The furnace pit, which was partially sealed by the gable wall of the house, was oval in plan, measuring 3m in diameter and 0.55m in depth, with an adjoining linear flue 1.06m+ long, 0.7m wide and 0.45m deep. The furnace cut an earlier, medieval rubbish pit and was lined with boulders and filled with intermittent layers of burnt soil and silty clay. The entire feature was backfilled with clay and soot, rich in iron slag, which produced a single musket ball.

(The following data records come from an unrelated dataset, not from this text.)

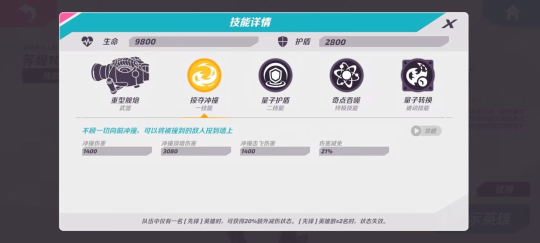 冲撞击飞伤害:1400 (冲撞控制到一个英雄后,然后怼到墙上,刚好撞到另一个英雄会受到这段伤害)伤害减免:21%
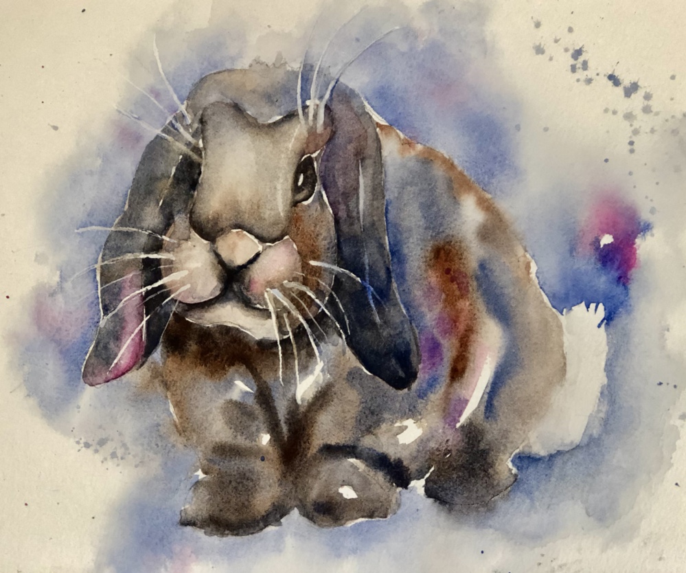 Off to a wild start with Liz Chadderton. You too can paint a cute Easter bunny. She makes her animal paintings look so easy but let me tell you they aren’t. My paper kept drying out making hard edges. Sigh.
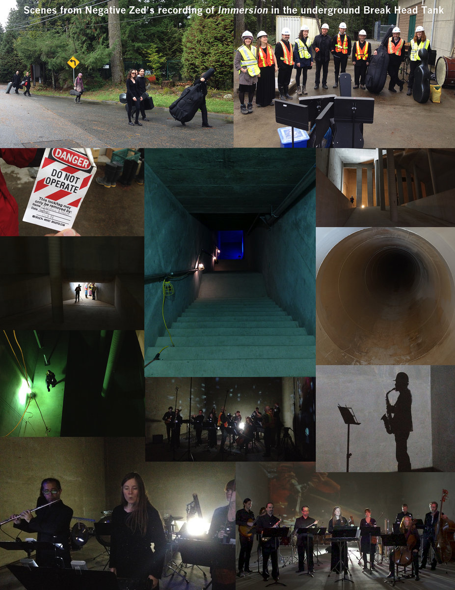 In preparing a documentary on the building of the plant, and noticing that the tank boasted an impressive 20+ seconds of reverb, Metro Vancouver staff reached out to composer Jordan Nobles to consider the unique opportunity to compose a new musical work for performance in this underground chamber, before the tank was permanently filled with water. The original plan was to have an audience descend into the break head chamber for the performance, but safety concerns made this impractical. In the end, it was decided that the musicians would perform in the space and the performance would form the basis for the documentary that would explore a piece of the water system normally unseen. Shortly afterward, the Break Head tank began its service as part of Metro Vancouver's water system, and was flooded with water forever.
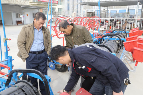 农业生产全程机械化是实现农业现代化的必由之路。在新疆阿拉尔金准机械制造有限公司生产基地,公司销售经理雷明带领着购买农机的职工们参观,详细介绍了新型“干播湿出”播种机的优点及售后服务。雷明告诉大家:“我们新型播种机主要优势在于安装完后,基本不需要调试,铺膜播种后,两膜交接行之间不拥土,膜面更完整平整。刚过完年我们公司就开始大热卖了,目前为止已经接到南疆订单300余台,其中光七团就有27台。客户使用播种机之前,公司还会派专业技术人员进行上门指导,精心做好售后服务,为推广‘干播湿出’技术提供强力支撑。”
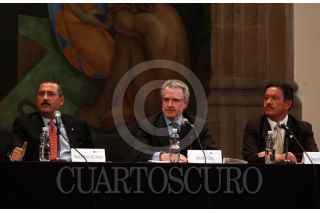 MÉXICO, D.F., 09FEBRERO2010.- Los Senadores Manlio Fabio Beltrones (PRI), Santiago Creel (PAN) y Carlos Navarrete (PRD),asistieron como presentadores del libro Un futuro para México de Jorge Castañeda y Héctor Aguilar Camín. FOTO: SÁSHENKA GUTIÉRREZ/CUARTOSCURO.COM
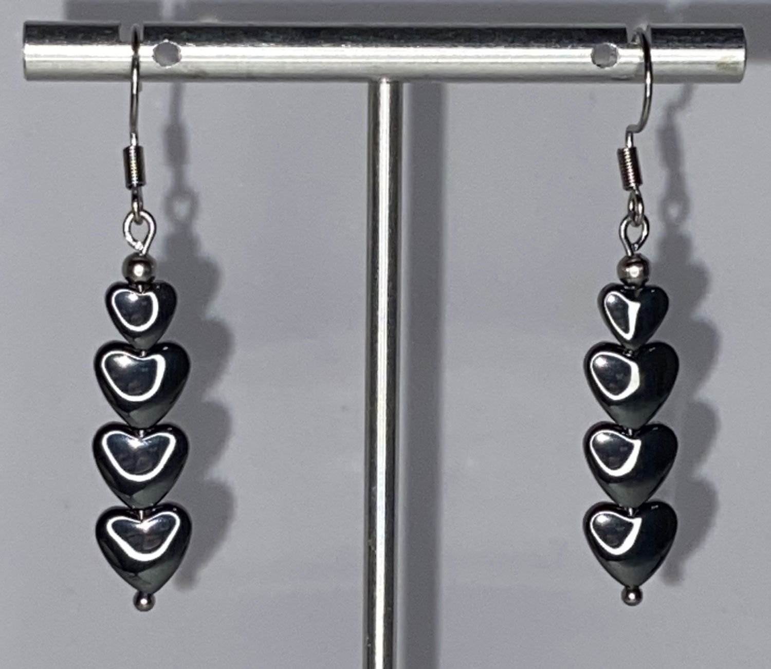 Each earring showcases a sleek hematite heart with an elegant 2″ drop length and 8mm width at the widest point, creating a minimalist yet meaningful design perfect for everyday wear or spiritual practice.

The well measured 1.06m in diameter and was excavated to a depth of 0.65m. It was lined with mortared cobbles and contained four upper fills with medieval pottery inclusions. An apparently associated cobbled surface extended east from the well, parallel to the street, into the baulk and neighbouring property.

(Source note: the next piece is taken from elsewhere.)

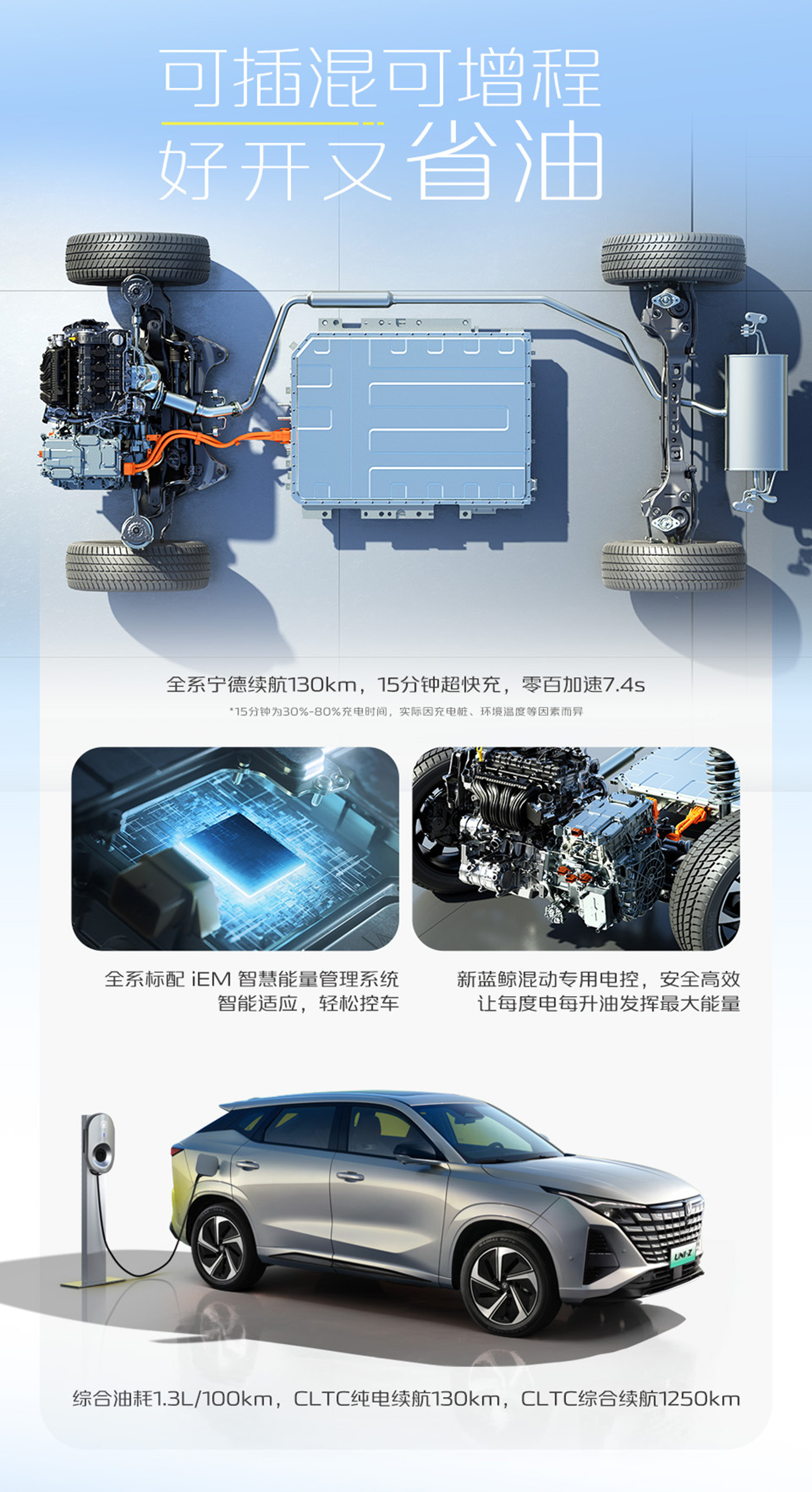 动力方面,2026款UNI-Z PHEV搭载新蓝鲸混动技术,搭载热效率43.31%的新蓝鲸混动专用1.5L发动机,搭配效率98.1%的新蓝鲸混动专用双电机,0-100km/h加速仅需7.4秒,综合油耗仅为1.3L/100km、WLTC工况的馈电油耗也低至5.09L/100km。得益于新蓝鲸混动专用电控盒A-ECMS控制算法协同,新车可一键切换增程和插混模式,日常城区通勤用增程模式纯电行驶零油耗,高速长途切换插混模式高效节能且动力不衰减。

The isolated burial, although substantially truncated by construction, was an extended child inhumation, orientated west–east within a shallow oval grave-cut, 0.92m long, 0.46m wide and 0.18m deep. The burial was not complete and appeared to have been re-interred in antiquity. The grave was backfilled with hard, redeposited natural that contained a tiny fragment of brick.
Area 2: yard
Partial archaeological excavation of the rear yard down to the depth of construction revealed modern garden soils sealing the remains of early modern outhouses, drains and an original cobbled surface to the yard. This surface partially sealed several archaeological features, including a cobblestone-lined square pit with post-medieval artefacts, a partially exposed pit with medieval pottery (also seen in Area 1) and a third, undated circular pit.
Conclusions
Excavation of this site produced the medieval features consistent with domestic occupation in burgage plots fronting High Street. No houses were recorded along the northern side of James’s Street in the 1654–5 Civil Survey, and this was confirmed by excavation. The medieval assemblage suggests occupation during the 13th and 14th centuries, following the 1207–31 expansion of High Town beyond James’s Street to the south bank of the River Breagagh (Bradley 2000, 2). A second phase of activity was also noted in the post-medieval period. Pit features and several post-holes produced an assemblage dating to the mid-17th century, and this may also have been the date for the crude iron-working feature. This furnace, which partially extended into Tilbury Place (formerly James’s Sconce) and James’s Street, would not have been associated with occupation in High Street but may well have been a hastily built smelting furnace for use in the Cromwellian siege of Kilkenny. The discovery of a musket ball within this feature further enhances this interpretation, but is by no means conclusive. As a result of the archaeological discoveries the development was redesigned to accommodate the preservation of most of the archaeological features in situ.
Reference
Bradley, J. 2000 Kilkenny. Irish Historic Towns Atlas No. 10. Dublin.